Note 14 of the aforementioned reference document states ‘if any CV values are greater than a value prescribed for a specific dosimetry system and application’, then that data should be evaluated for errors and dealt with appropriately. In order to help our customers apply this referenced document, GEX offers the following prescribed values to be used during the portion of calibration analysis to which the scope of this memo pertains:

• For dose measurements of B3 radiochromic film products at doses of 10 kGy and above, a CV of 2.0% or better should be expected, a CV of 2.0% to 3.0% accepted, and data set CV’s higher than 3.0% should be investigated.

• For doses from 1.0 to 10 kGy, a CV of 3.0% or better should be expected, 3.0% to 4.0% accepted, and any CV’s above 4.0% should be investigated.

• For doses below 1.0 kGy, user discretion should be applied.

 Therefore, in examining calibration results, dosimeter measurement sets of a particular dose should be investigated if they do not meet the expected criteria above. For investigation, GEX offers the following suggestion:

Dosimeter investigations should begin following GEX Technical Report - Investigation of Dosimeter Measurements or contact GEX support. More than ¾ of all calibration problems in the past have been corrected by investigation, applying the proper corrective action, and re-measuring the data set. As part of the investigation, the dosimeter thickness in many cases should be measured.
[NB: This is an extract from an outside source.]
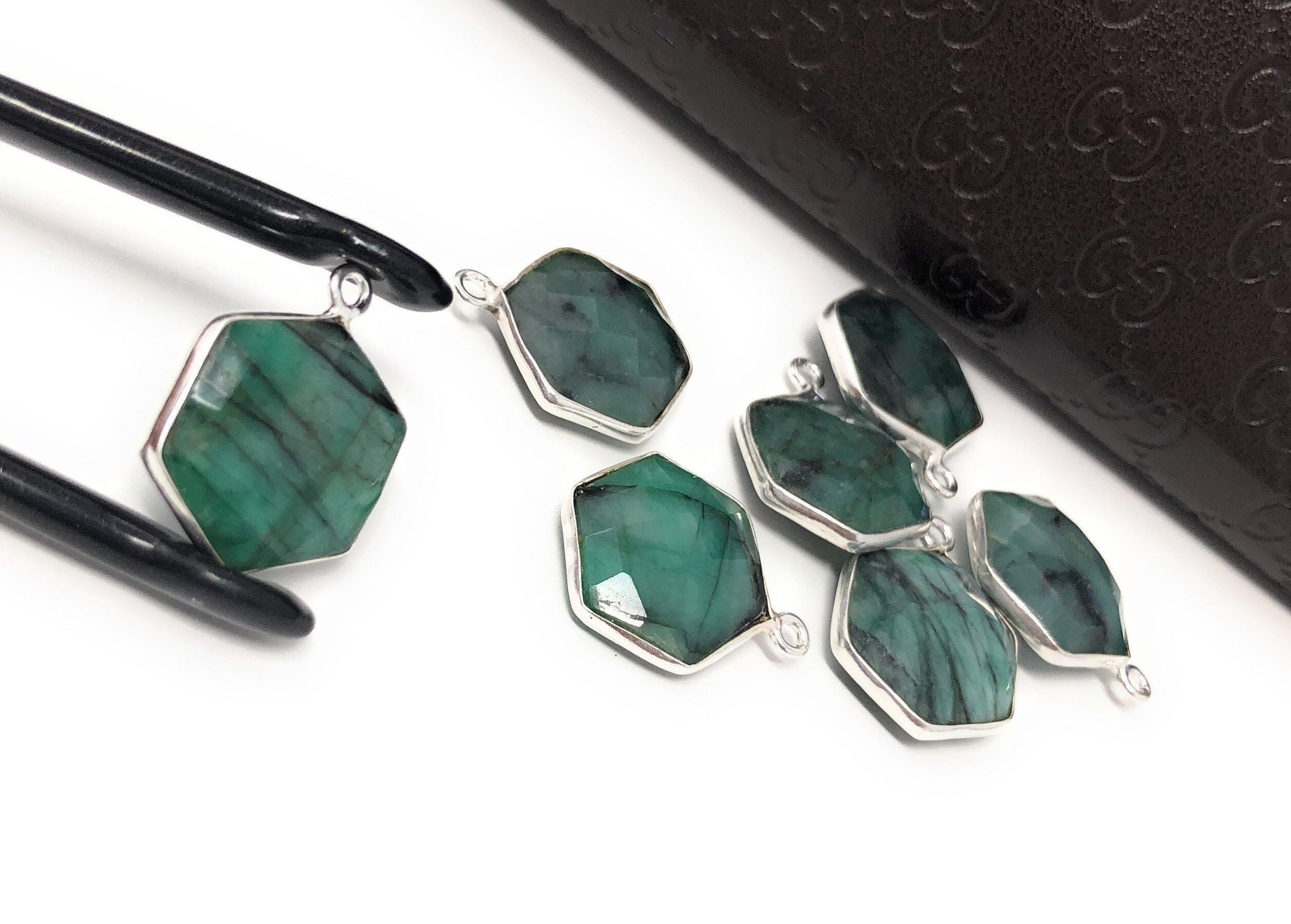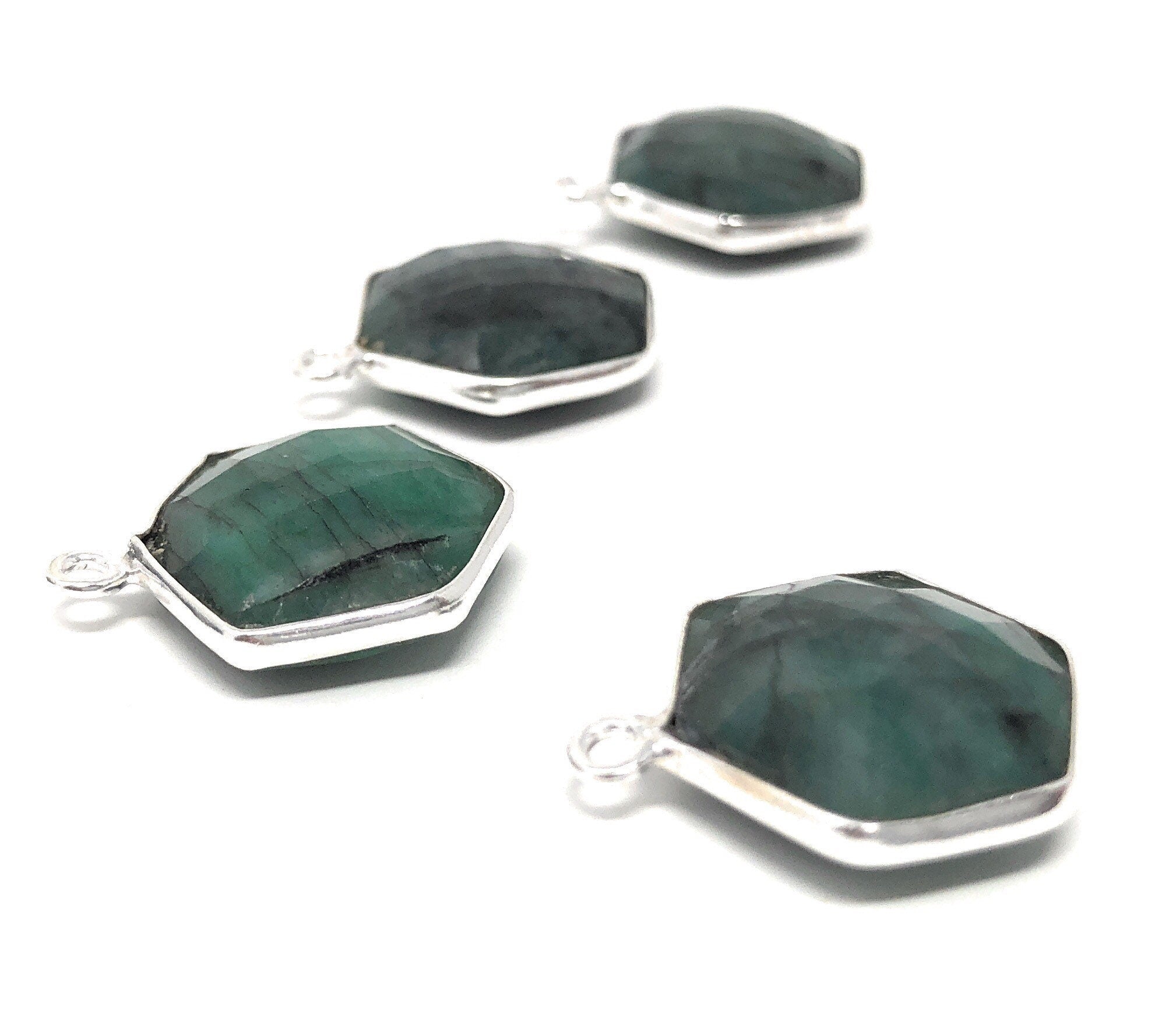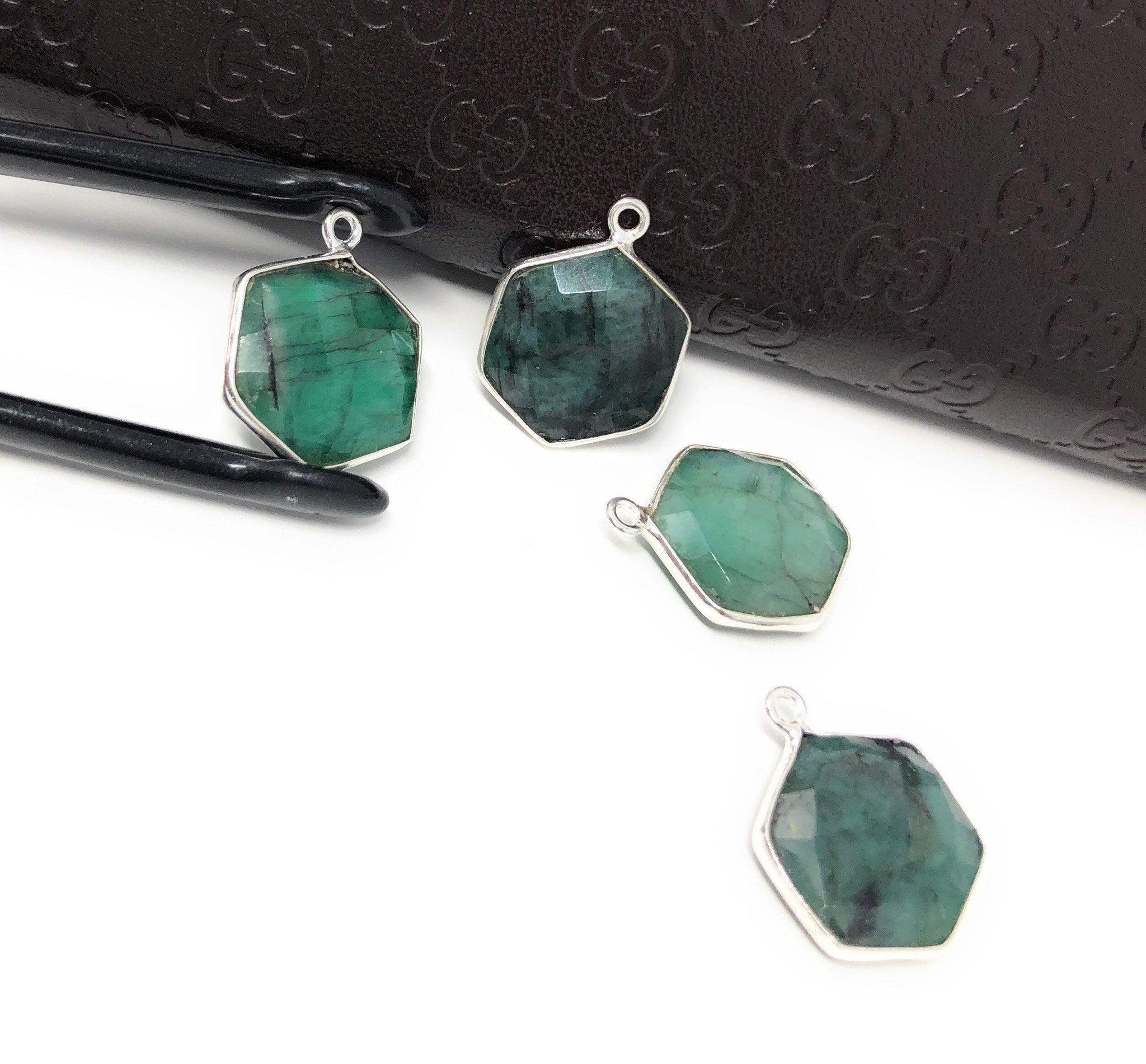 These beautiful Sterling Silver Double Sided Bezel Set Faceted Sakota Emerald Charms are handmade and can be used used for making any creative Jewelry Piece.

GEX can provide certified traceable thickness measurements for clients.

Should the above steps fail to yield a re-measurement CV that meets the criteria, the following steps should be taken to resolve the issue:

1. It should be determined if one of the following is true:

   1. One or more measurements are statistical outliers, and removal of those measurements results in a CV that meets the manufacturer’s criteria for acceptance. To determine an outlier measurement, GEX or the user should follow ASTM E178, Standard Practice for Dealing with Outlying Observations, to determine if some data can be removed to reduce the CV to a value which meets the GEX manufacturer recommendations. A minimum of four dosimeter measurements must remain after elimination of an outlying measurement(s) in order to retain the dose point in the calibration curve (per ISO/ASTM 51261, section 8.10.5). Or,

   2. There is sufficient data (per ISO/ASTM 51261, section 8.3.1) to define the calibration curve without using the dose measurements in question. If there is sufficient data, then the measurements may be removed from the curve (per ISO/ASTM 51261, section 8.10.5).

2. If neither of the above approaches can be successfully applied then the dose point irradiations should be repeated to the extent necessary (per ISO/ASTM 51261, section 8.10.5).

Disclaimer - The information contained in this document is provided “as is” and is not a substitute for the user’s professional judgement.  It is provided as a convenience to those using products provided by GEX Corporation who have sufficient technical skills to evaluate and properly apply the information in this document.  It is the responsibility of the user of this document to ensure that the information in this document, and the use of such information, is accurate, complete, applicable to the product, suitable for the user’s purposes, and in compliance with all laws and regulations.  GEX Corporation believes the information provided in this document is accurate and reliable as of the time of writing, but it undertakes no obligation to update or correct this document.  GEX Corporation may, but is not required to, make changes to this document at any time without notice.  By using the information in this document, the user represents and warrants that he or she has the skills necessary to properly understand and apply this information and that he or she will comply with all applicable laws and regulations including, without limitation, those relating to medical devices, pharmaceutical products, or other applicable industries.  The user assumes all risks associated with using this information and any results or output resulting from the application of this information to GEX Corporation’s products.  The user agrees not to hold GEX Corporation liable for any errors or omissions contained within.